▶ Exercise aim
Your copy of the listing should be exact and should contain no pictures.

▶ Information shown
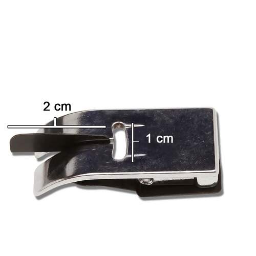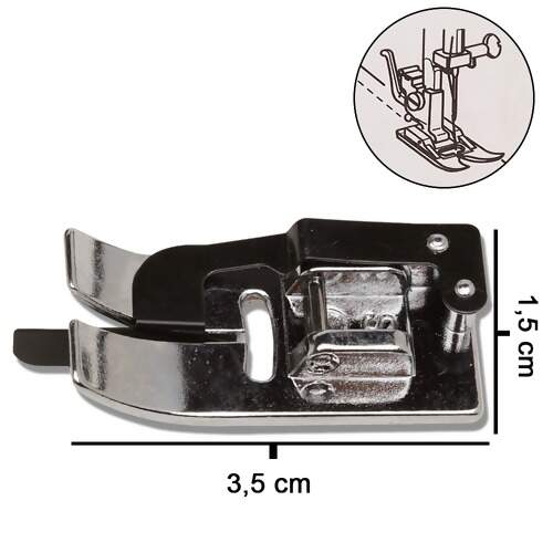 Usado para fazer a costura na emenda entre dois tecidos, o guia que a peça possui se ajusta na vala, permitindo uma costura perfeitamente reta.
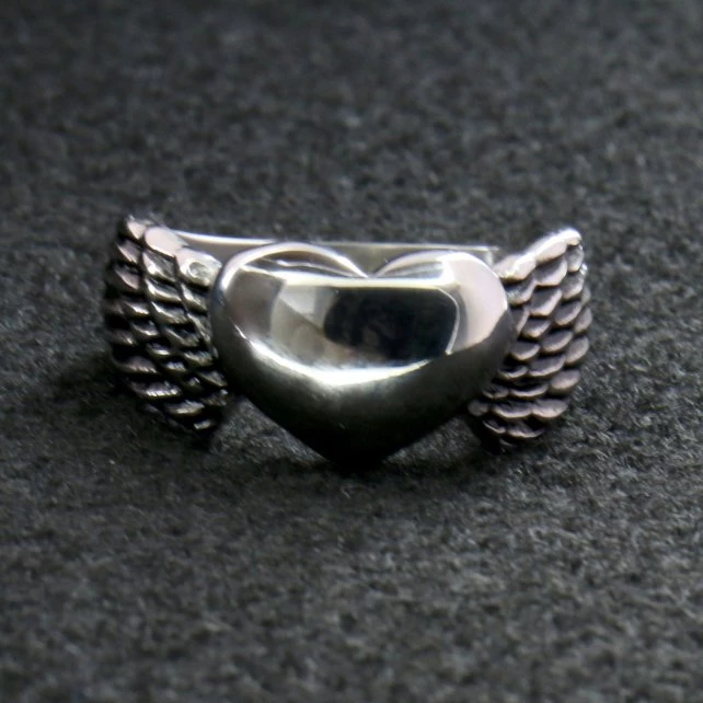 Hot Leathers JWR1101 Women’s Silver ‘Winged Heart’ Stainless-Steel Ring
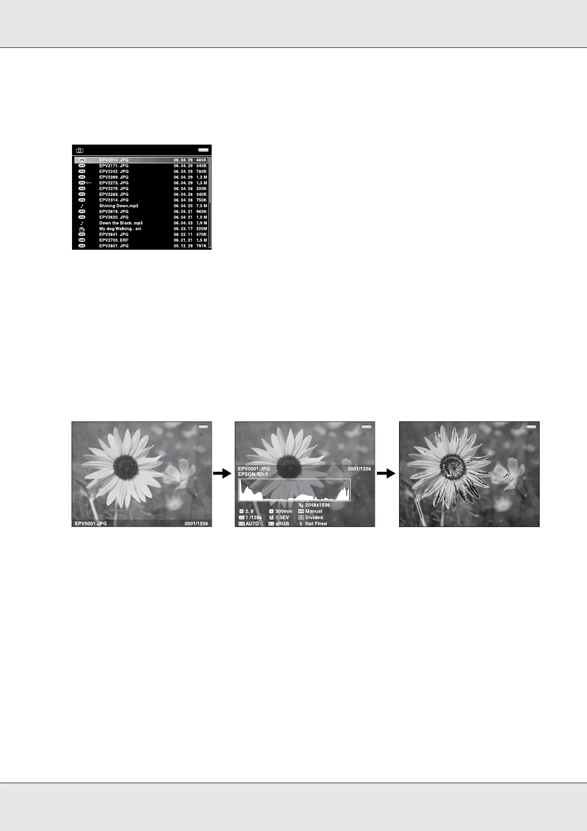 For a photo file, no information is displayed first. You can switch to the file information (as
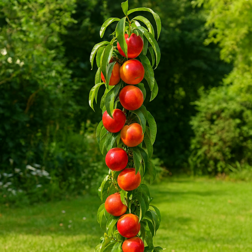 Nectarinul columnar Fantasy este alegerea ideală pentru cei care își doresc o combinație între aspect ornamental și producție bogată de fructe delicioase. Fie că îl plantezi în grădină sau într-un ghiveci mare pe terasă, el va aduce o notă rafinată și naturală oricărui spațiu verde.
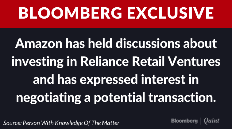 RIL is offering to sell up to 40% stake in its retail business to Amazon, reports Bloomberg.

▶ Output for this exercise
 Usado para fazer a costura na emenda entre dois tecidos, o guia que a peça possui se ajusta na vala, permitindo uma costura perfeitamente reta.
 Hot Leathers JWR1101 Women’s Silver ‘Winged Heart’ Stainless-Steel Ring
 For a photo file, no information is displayed first. You can switch to the file information (as
 Nectarinul columnar Fantasy este alegerea ideală pentru cei care își doresc o combinație între aspect ornamental și producție bogată de fructe delicioase. Fie că îl plantezi în grădină sau într-un ghiveci mare pe terasă, el va aduce o notă rafinată și naturală oricărui spațiu verde.
 RIL is offering to sell up to 40% stake in its retail business to Amazon, reports Bloomberg.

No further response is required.